● COLLECTED MATERIAL:
((

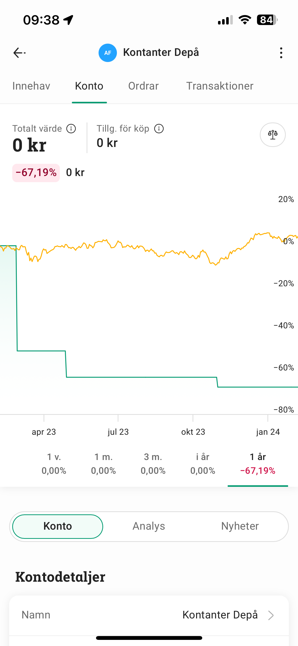 Att det inte blir +/- 100% är att det ligger några ören kvar på kontot som inte syns i skärmdumpen nedan pga avrundning. Detta är alltså ett konto som har ett värde på 0kr (avrundat) och som gått -67.19% på ett år, men det är +/- 0kr. Det har skett tre gånger på detta konto senaste 12 månaderna. Hur detta slår på konton med tillgångar är svårare att kontrollräkna, och lika så dess inverkan på totala procentsatser för kontot. Men lita på Avanzas procentsatser hade jag inte gjort.
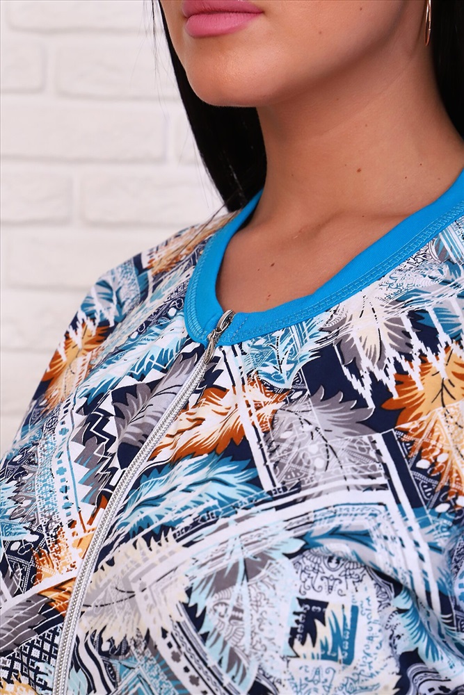 Костюм женский состоит из туники из кулирки и вискозных бриджей. Туника удлиненная на молнии, по линии талии проходит кулиска со шнуром, горловина с контрастной окантовкой. Рукав спущенный с контрастной окантовкой. Ткань с оригинальным принтом. Костюм подойдет для дома, отдыха и прогулок.
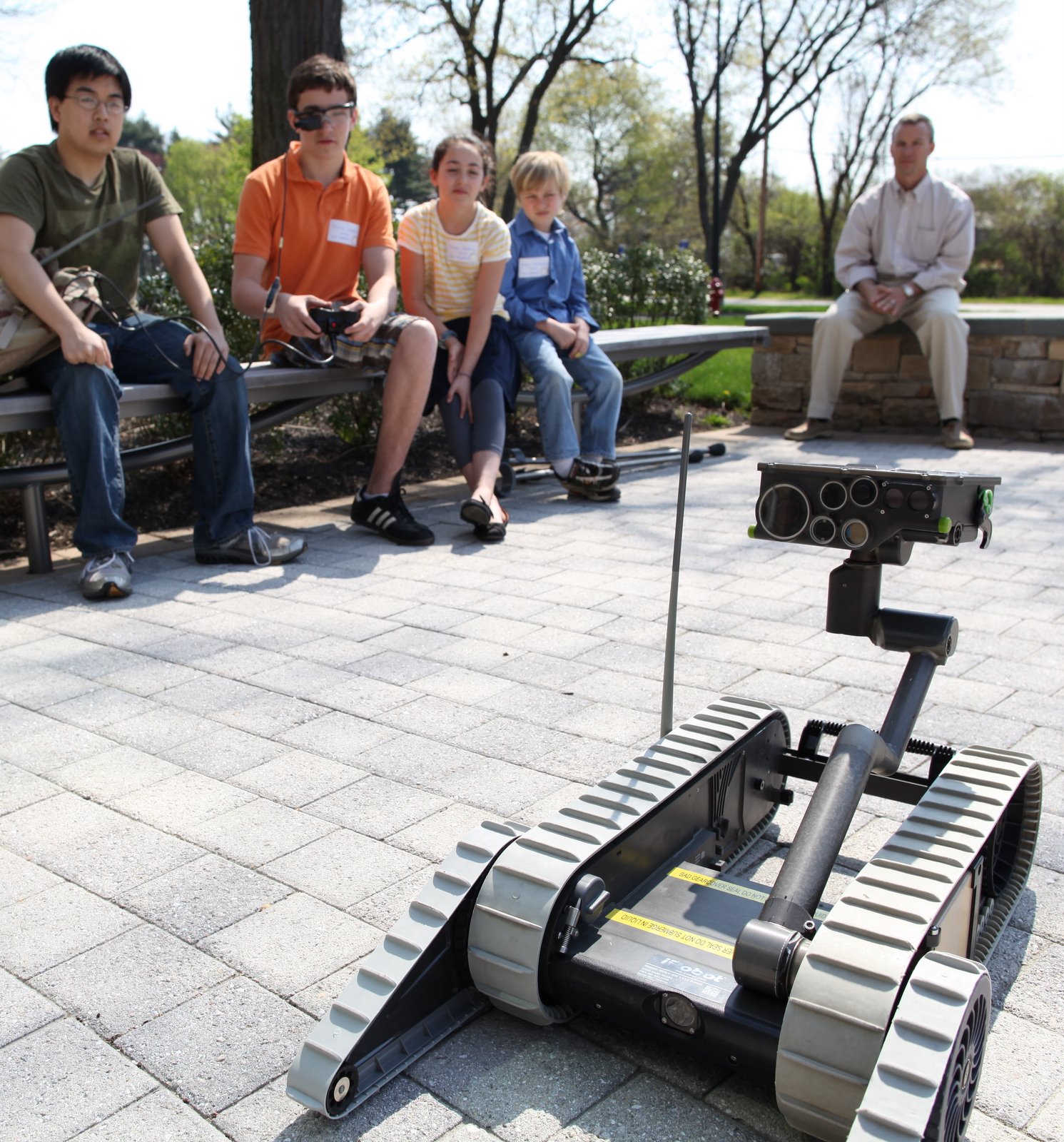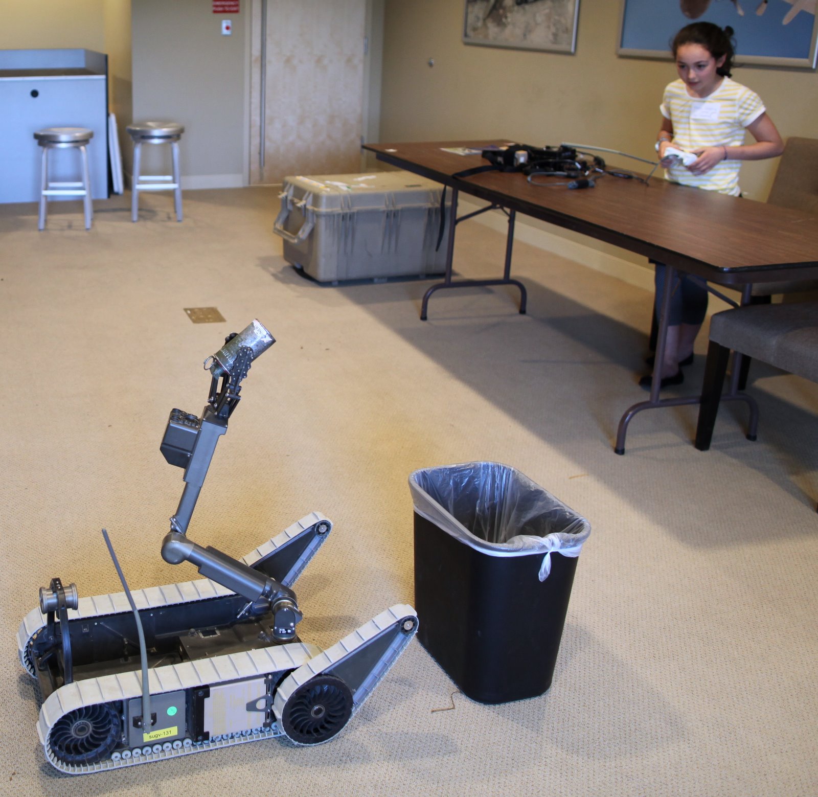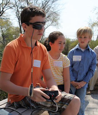 Nicolai using a heads up display navigates a PackBotequipped with a vision head. He also submitted a robot design (one of the activities during the day) which has serious potential as a product. The idea is so good I am not at liberty to disclose it.
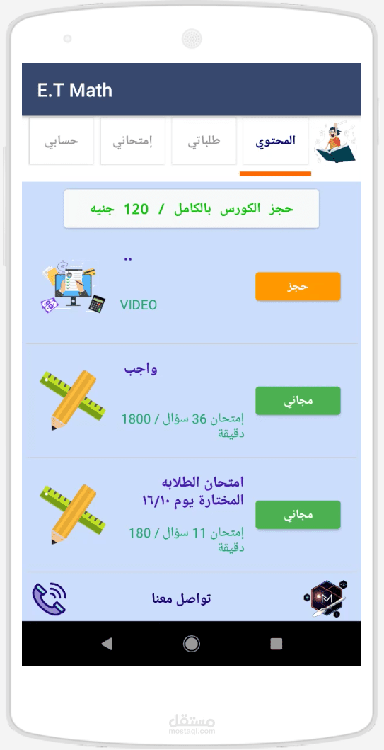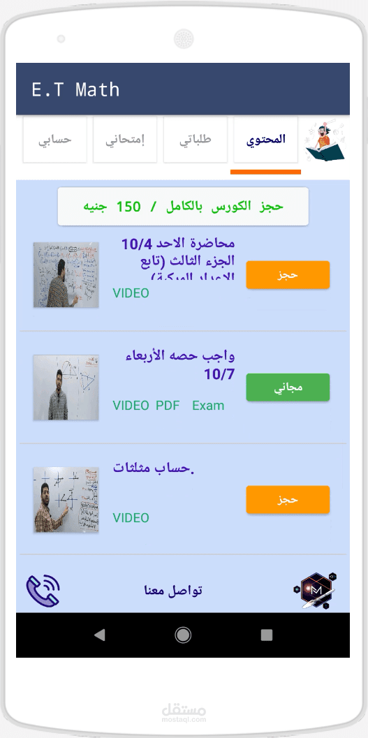 نظام متكامل لتدريس الرياضيات و إيصال المحتوي العلمي للطلاب وعقد الإختبارات الإلكترونية وغيرها من مهام التدريس الحديثة , يأتي النظام في صورة تطبيقين مرتبطين معا ..

))

Print all of the material exactly. Omit pictures.

 Att det inte blir +/- 100% är att det ligger några ören kvar på kontot som inte syns i skärmdumpen nedan pga avrundning. Detta är alltså ett konto som har ett värde på 0kr (avrundat) och som gått -67.19% på ett år, men det är +/- 0kr. Det har skett tre gånger på detta konto senaste 12 månaderna. Hur detta slår på konton med tillgångar är svårare att kontrollräkna, och lika så dess inverkan på totala procentsatser för kontot. Men lita på Avanzas procentsatser hade jag inte gjort.
 Костюм женский состоит из туники из кулирки и вискозных бриджей. Туника удлиненная на молнии, по линии талии проходит кулиска со шнуром, горловина с контрастной окантовкой. Рукав спущенный с контрастной окантовкой. Ткань с оригинальным принтом. Костюм подойдет для дома, отдыха и прогулок.
 Nicolai using a heads up display navigates a PackBotequipped with a vision head. He also submitted a robot design (one of the activities during the day) which has serious potential as a product. The idea is so good I am not at liberty to disclose it.
 نظام متكامل لتدريس الرياضيات و إيصال المحتوي العلمي للطلاب وعقد الإختبارات الإلكترونية وغيرها من مهام التدريس الحديثة , يأتي النظام في صورة تطبيقين مرتبطين معا ..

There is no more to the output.